* [DATA IN THIS EXERCISE]:
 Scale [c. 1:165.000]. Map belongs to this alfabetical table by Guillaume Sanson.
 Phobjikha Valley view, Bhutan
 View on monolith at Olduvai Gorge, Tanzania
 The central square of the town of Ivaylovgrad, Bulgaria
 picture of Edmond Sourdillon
==
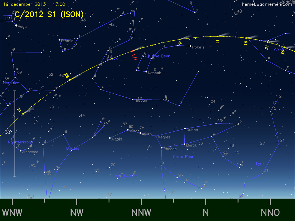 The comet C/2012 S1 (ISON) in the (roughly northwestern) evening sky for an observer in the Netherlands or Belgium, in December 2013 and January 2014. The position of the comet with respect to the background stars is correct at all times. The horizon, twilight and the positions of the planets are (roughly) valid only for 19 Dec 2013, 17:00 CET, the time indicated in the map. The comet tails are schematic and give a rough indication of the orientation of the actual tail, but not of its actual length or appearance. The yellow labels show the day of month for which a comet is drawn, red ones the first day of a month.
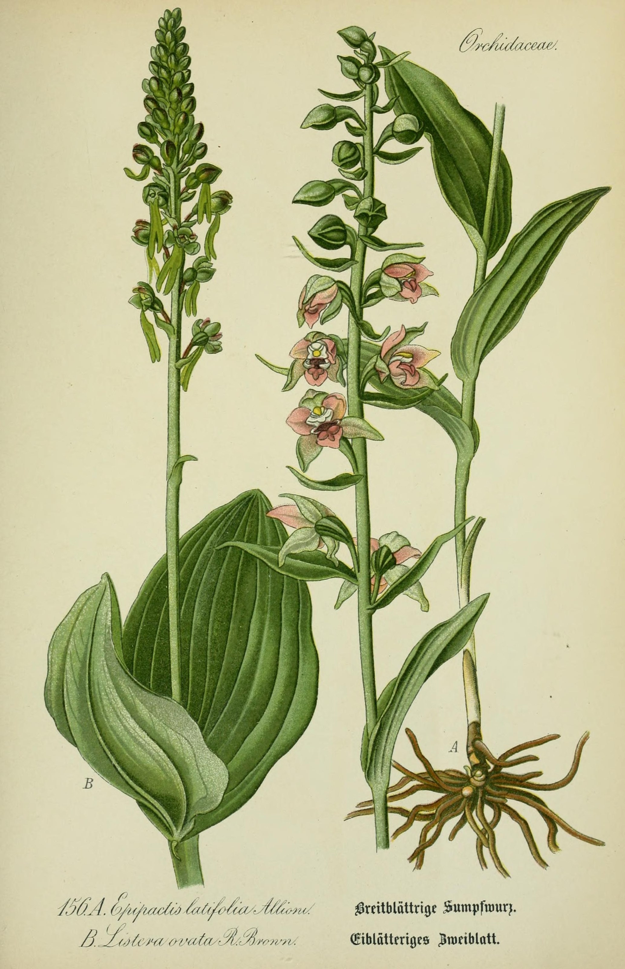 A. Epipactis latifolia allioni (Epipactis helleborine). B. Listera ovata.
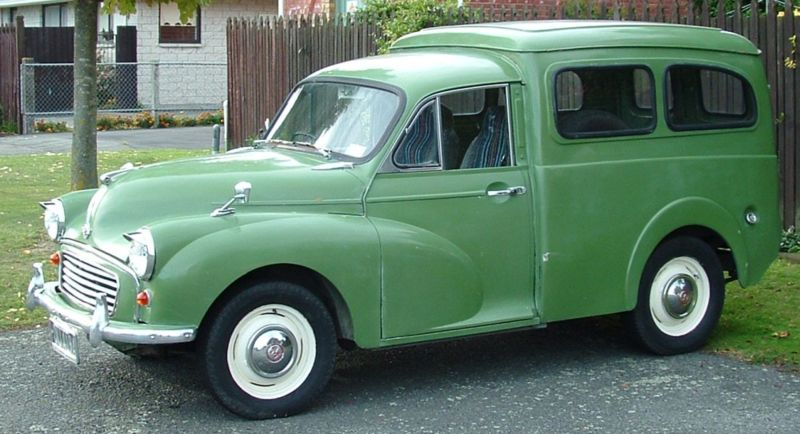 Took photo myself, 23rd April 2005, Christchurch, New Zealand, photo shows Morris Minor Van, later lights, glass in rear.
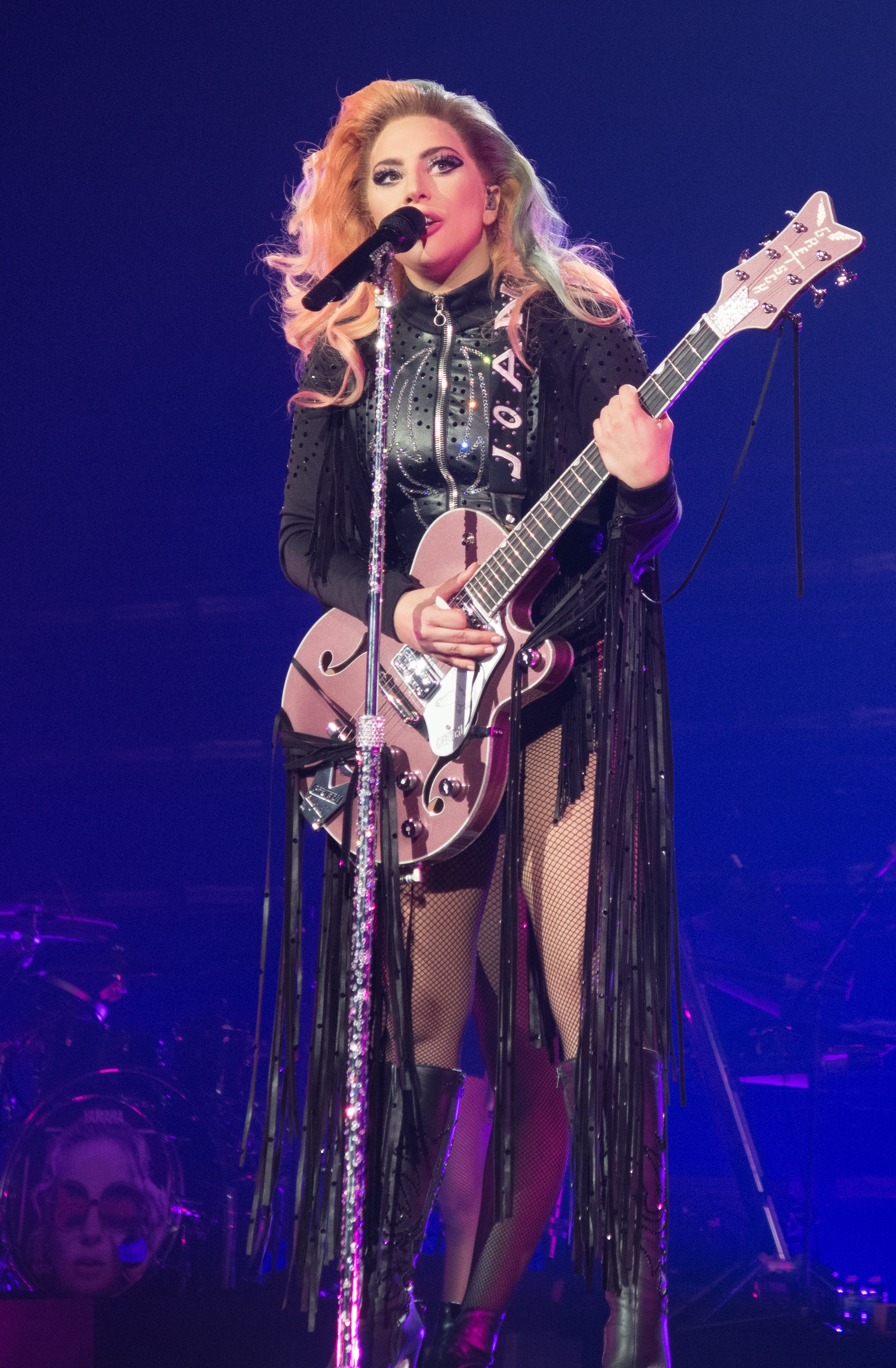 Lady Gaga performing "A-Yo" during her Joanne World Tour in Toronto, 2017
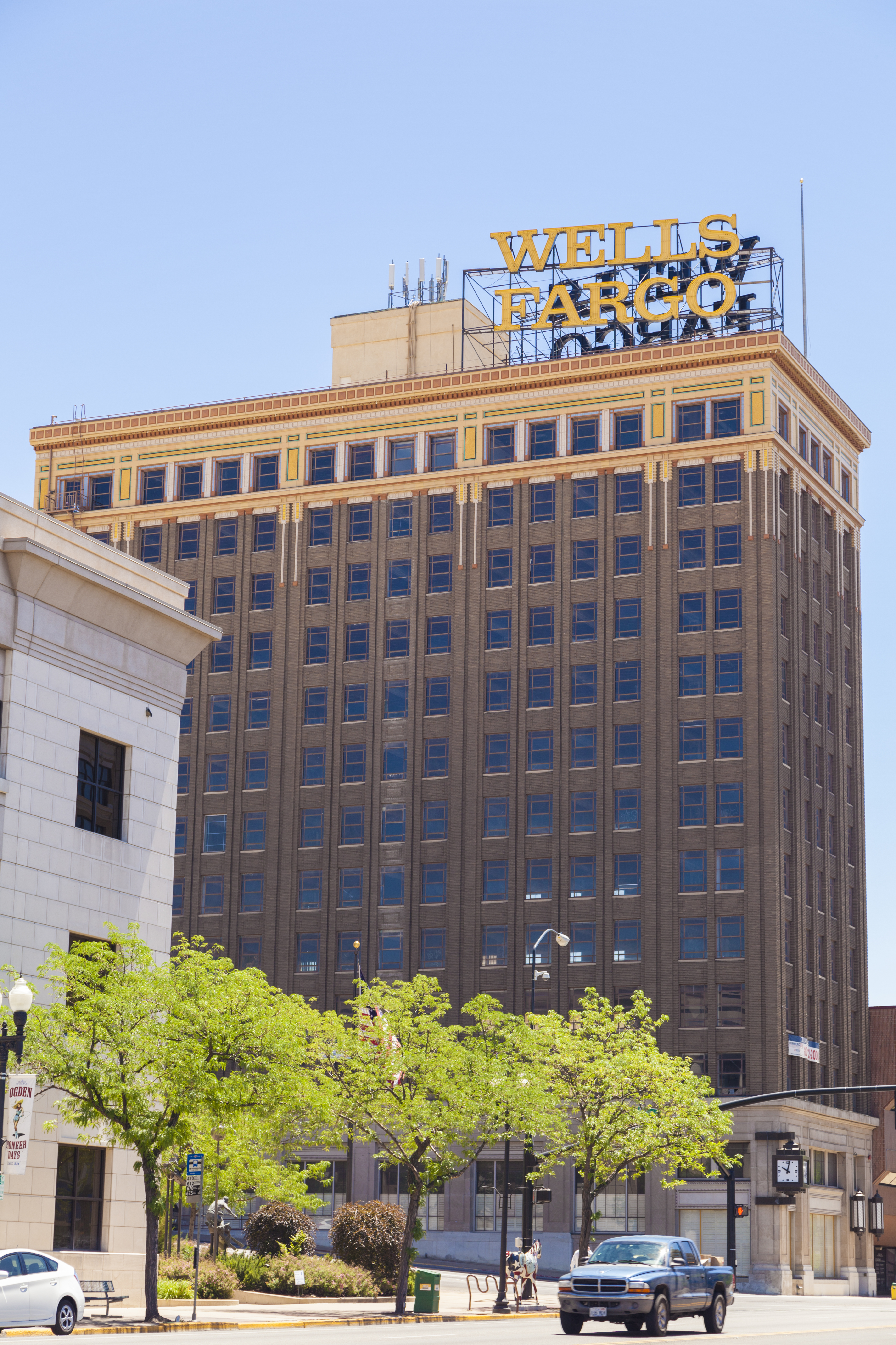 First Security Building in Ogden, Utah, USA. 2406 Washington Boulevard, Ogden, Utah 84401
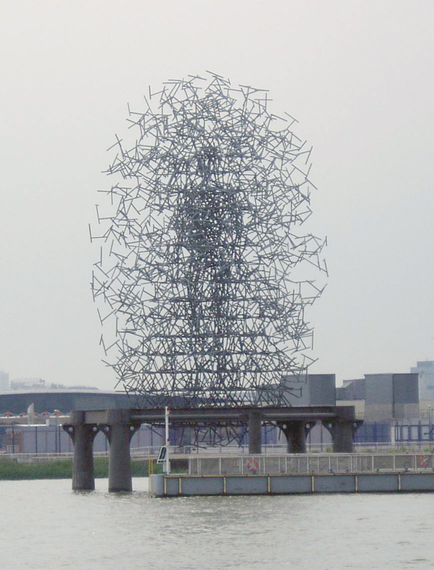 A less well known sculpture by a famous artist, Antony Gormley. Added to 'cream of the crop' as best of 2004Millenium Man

* [YOUR GOAL]:
I would like the exact lines from the data above, starting with the one that holds "The comet C/2012" and going on through the one that holds "A less well", without the pictures.

* [ANSWER TO THE PROBLEM]:
 The comet C/2012 S1 (ISON) in the (roughly northwestern) evening sky for an observer in the Netherlands or Belgium, in December 2013 and January 2014. The position of the comet with respect to the background stars is correct at all times. The horizon, twilight and the positions of the planets are (roughly) valid only for 19 Dec 2013, 17:00 CET, the time indicated in the map. The comet tails are schematic and give a rough indication of the orientation of the actual tail, but not of its actual length or appearance. The yellow labels show the day of month for which a comet is drawn, red ones the first day of a month.
 A. Epipactis latifolia allioni (Epipactis helleborine). B. Listera ovata.
 Took photo myself, 23rd April 2005, Christchurch, New Zealand, photo shows Morris Minor Van, later lights, glass in rear.
 Lady Gaga performing "A-Yo" during her Joanne World Tour in Toronto, 2017
 First Security Building in Ogden, Utah, USA. 2406 Washington Boulevard, Ogden, Utah 84401
 A less well known sculpture by a famous artist, Antony Gormley. Added to 'cream of the crop' as best of 2004Millenium Man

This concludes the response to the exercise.